### About this task
For the entries below, copy exactly the line that contains "A lot of multi-function" through the line that contains "На сегодняшний день", both ends included, and exclude all pictures.

### Record set
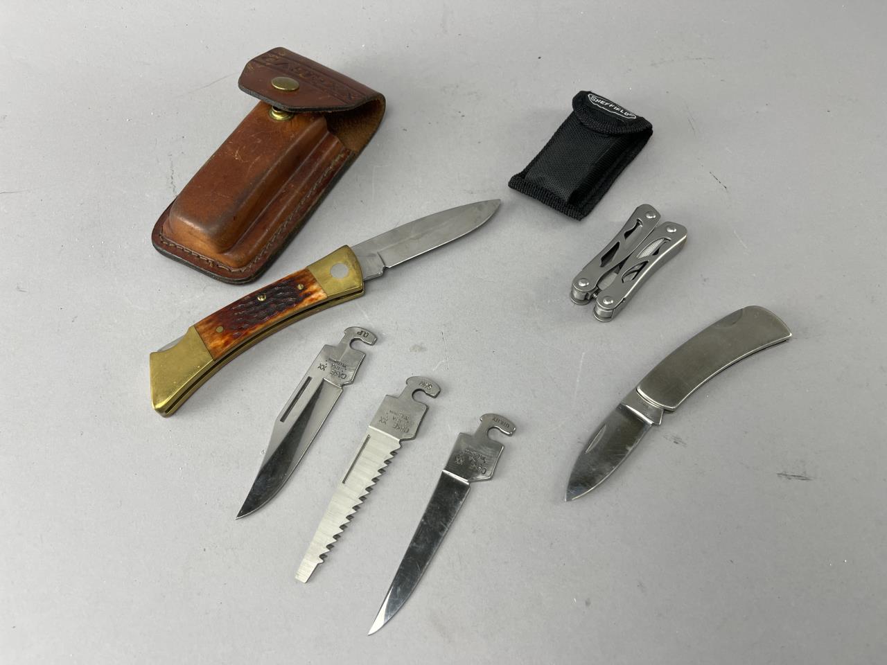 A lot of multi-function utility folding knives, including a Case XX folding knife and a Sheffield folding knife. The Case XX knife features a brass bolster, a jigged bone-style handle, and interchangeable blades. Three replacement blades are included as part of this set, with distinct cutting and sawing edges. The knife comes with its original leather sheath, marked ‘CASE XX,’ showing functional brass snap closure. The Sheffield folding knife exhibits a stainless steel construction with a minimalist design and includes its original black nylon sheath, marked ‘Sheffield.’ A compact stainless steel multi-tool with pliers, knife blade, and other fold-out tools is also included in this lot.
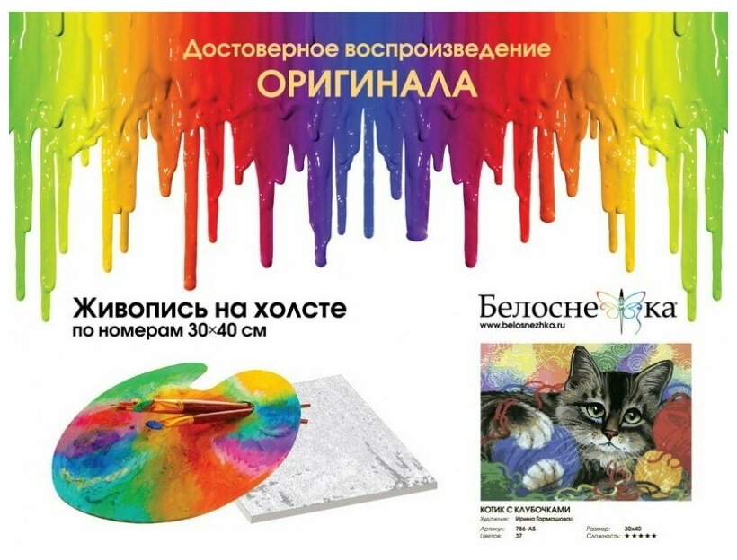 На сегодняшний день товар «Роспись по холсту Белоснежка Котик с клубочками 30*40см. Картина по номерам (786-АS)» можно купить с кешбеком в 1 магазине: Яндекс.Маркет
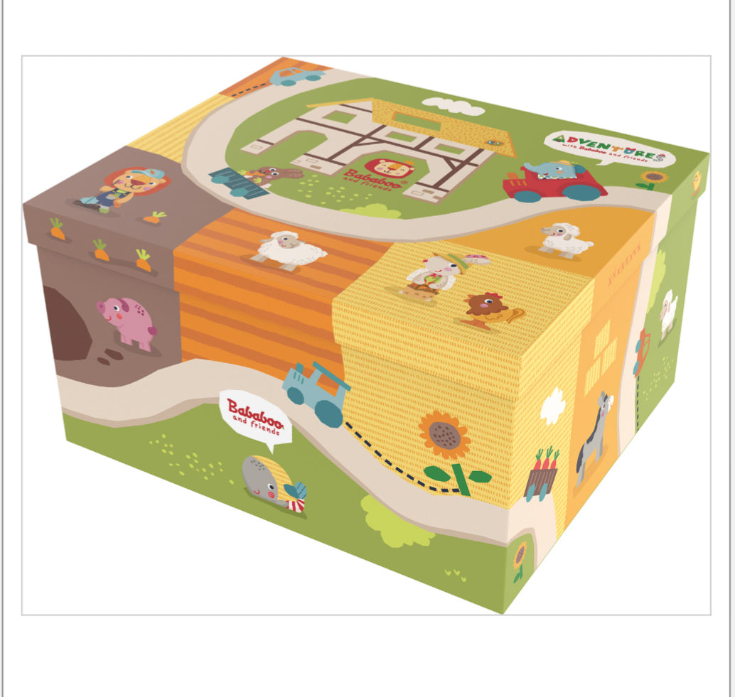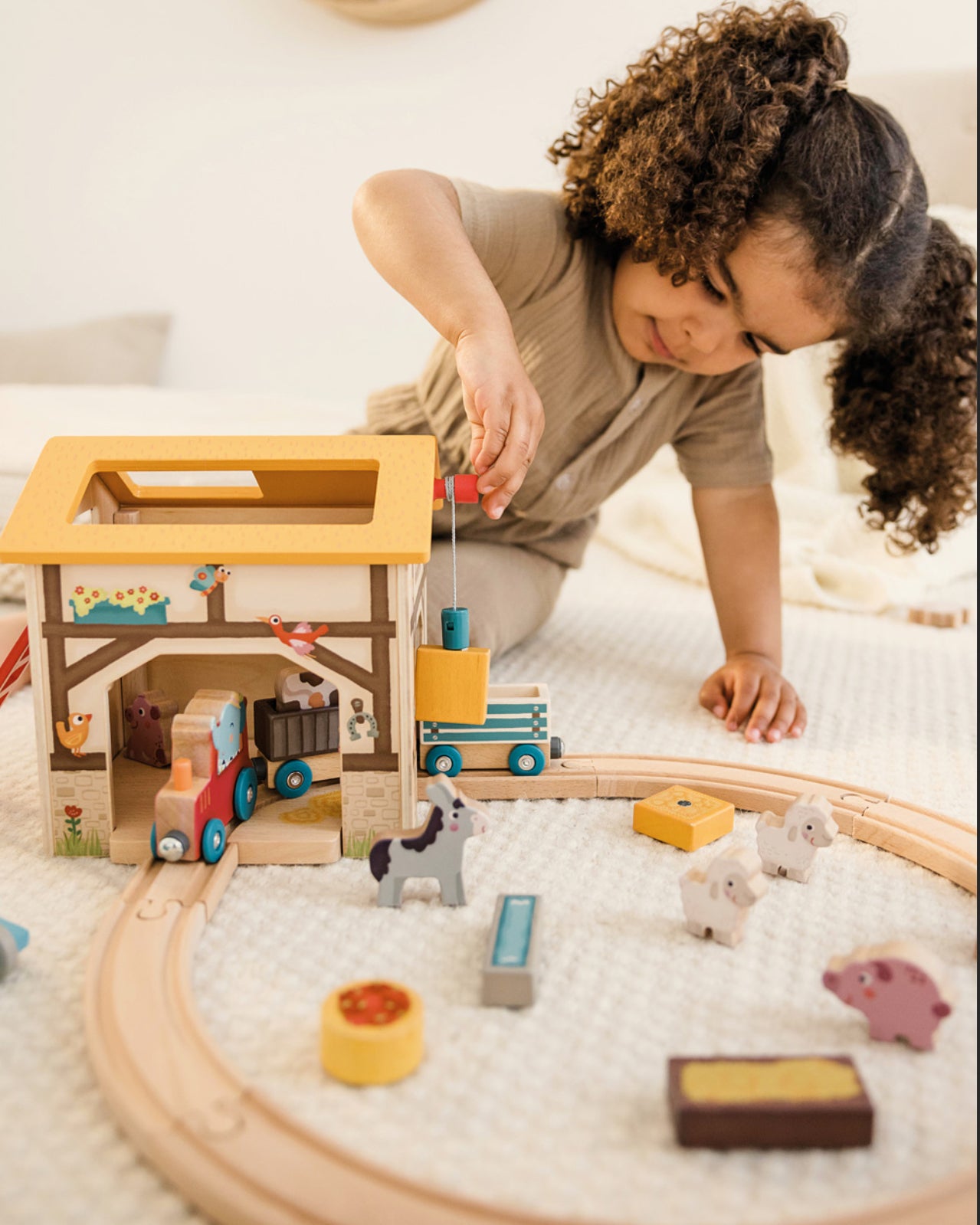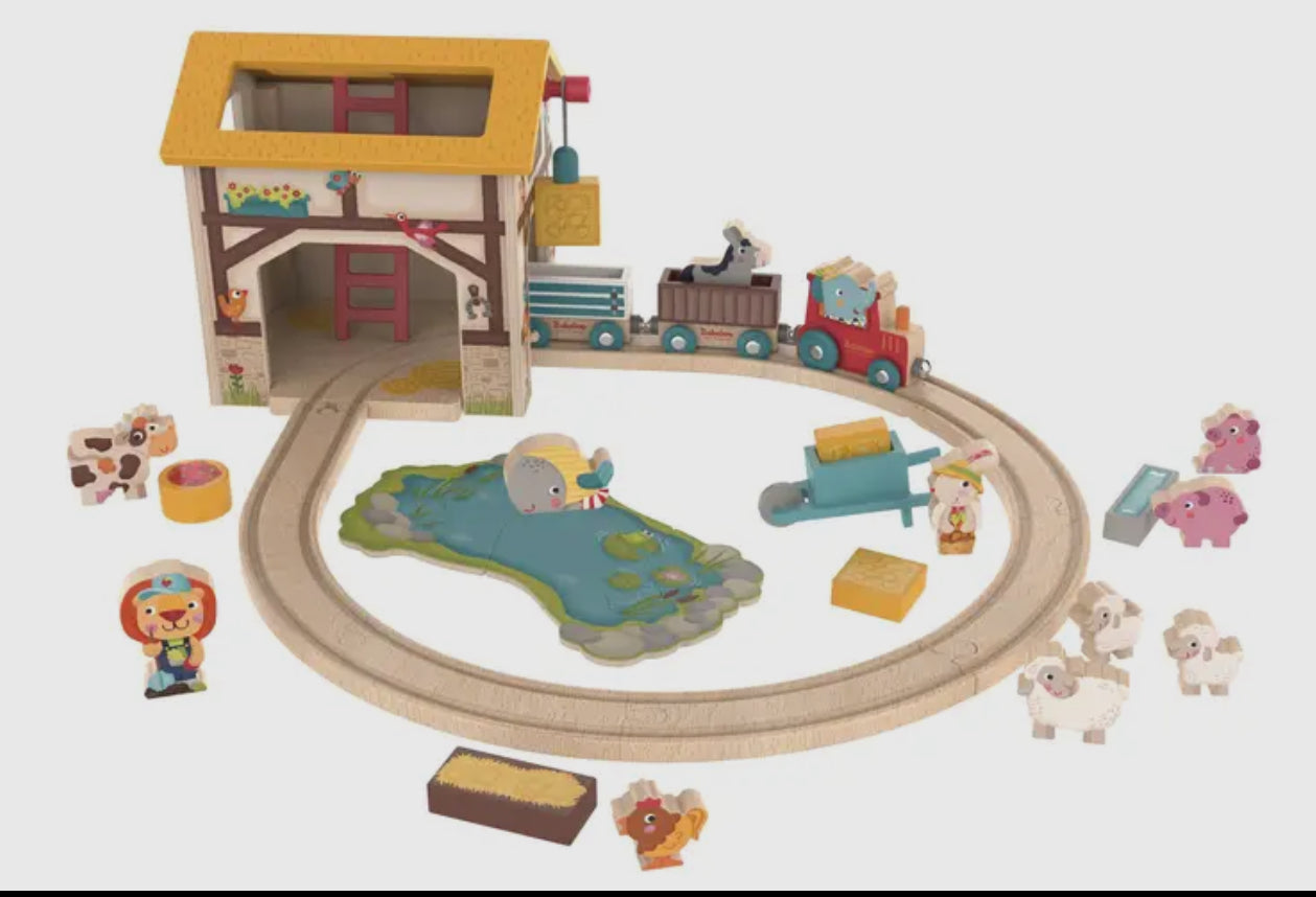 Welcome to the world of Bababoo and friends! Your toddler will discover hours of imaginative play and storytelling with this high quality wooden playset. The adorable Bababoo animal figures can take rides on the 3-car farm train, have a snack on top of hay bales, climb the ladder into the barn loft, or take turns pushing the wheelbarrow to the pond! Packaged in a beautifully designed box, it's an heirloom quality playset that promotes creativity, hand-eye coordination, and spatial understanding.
==
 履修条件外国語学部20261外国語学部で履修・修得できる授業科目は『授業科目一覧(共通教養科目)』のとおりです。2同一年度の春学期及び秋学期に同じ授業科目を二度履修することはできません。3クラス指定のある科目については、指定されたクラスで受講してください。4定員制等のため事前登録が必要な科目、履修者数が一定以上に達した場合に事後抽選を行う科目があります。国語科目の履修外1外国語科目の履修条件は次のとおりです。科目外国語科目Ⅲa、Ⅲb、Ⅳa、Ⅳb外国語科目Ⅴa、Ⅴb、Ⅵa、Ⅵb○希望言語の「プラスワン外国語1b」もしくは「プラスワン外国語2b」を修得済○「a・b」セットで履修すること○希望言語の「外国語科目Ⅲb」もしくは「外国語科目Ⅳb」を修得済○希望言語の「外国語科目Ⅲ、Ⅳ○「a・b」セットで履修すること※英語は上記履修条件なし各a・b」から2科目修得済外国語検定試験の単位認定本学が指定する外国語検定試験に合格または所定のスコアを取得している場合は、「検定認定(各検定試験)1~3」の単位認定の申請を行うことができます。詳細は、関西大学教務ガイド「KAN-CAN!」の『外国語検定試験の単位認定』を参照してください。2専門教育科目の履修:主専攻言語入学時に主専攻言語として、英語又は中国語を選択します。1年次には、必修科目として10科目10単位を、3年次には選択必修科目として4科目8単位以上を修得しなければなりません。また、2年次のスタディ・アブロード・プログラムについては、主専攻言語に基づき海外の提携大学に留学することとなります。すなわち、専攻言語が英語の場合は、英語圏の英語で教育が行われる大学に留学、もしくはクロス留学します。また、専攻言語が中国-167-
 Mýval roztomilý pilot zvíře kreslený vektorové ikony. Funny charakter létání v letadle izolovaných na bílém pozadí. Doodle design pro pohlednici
==
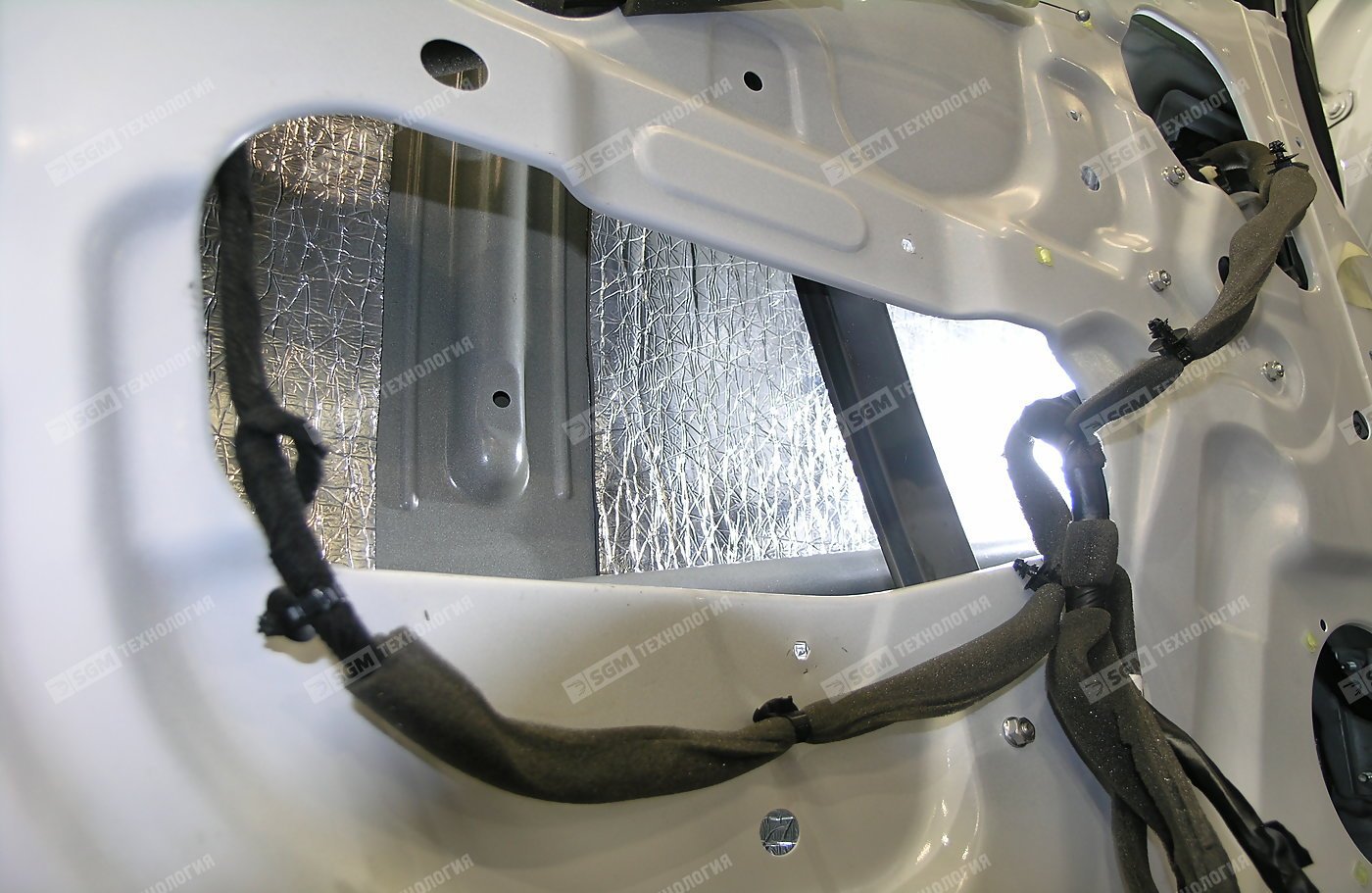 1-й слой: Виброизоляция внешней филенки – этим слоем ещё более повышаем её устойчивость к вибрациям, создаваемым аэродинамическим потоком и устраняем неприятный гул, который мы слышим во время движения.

### Answer section
 A lot of multi-function utility folding knives, including a Case XX folding knife and a Sheffield folding knife. The Case XX knife features a brass bolster, a jigged bone-style handle, and interchangeable blades. Three replacement blades are included as part of this set, with distinct cutting and sawing edges. The knife comes with its original leather sheath, marked ‘CASE XX,’ showing functional brass snap closure. The Sheffield folding knife exhibits a stainless steel construction with a minimalist design and includes its original black nylon sheath, marked ‘Sheffield.’ A compact stainless steel multi-tool with pliers, knife blade, and other fold-out tools is also included in this lot.
 На сегодняшний день товар «Роспись по холсту Белоснежка Котик с клубочками 30*40см. Картина по номерам (786-АS)» можно купить с кешбеком в 1 магазине: Яндекс.Маркет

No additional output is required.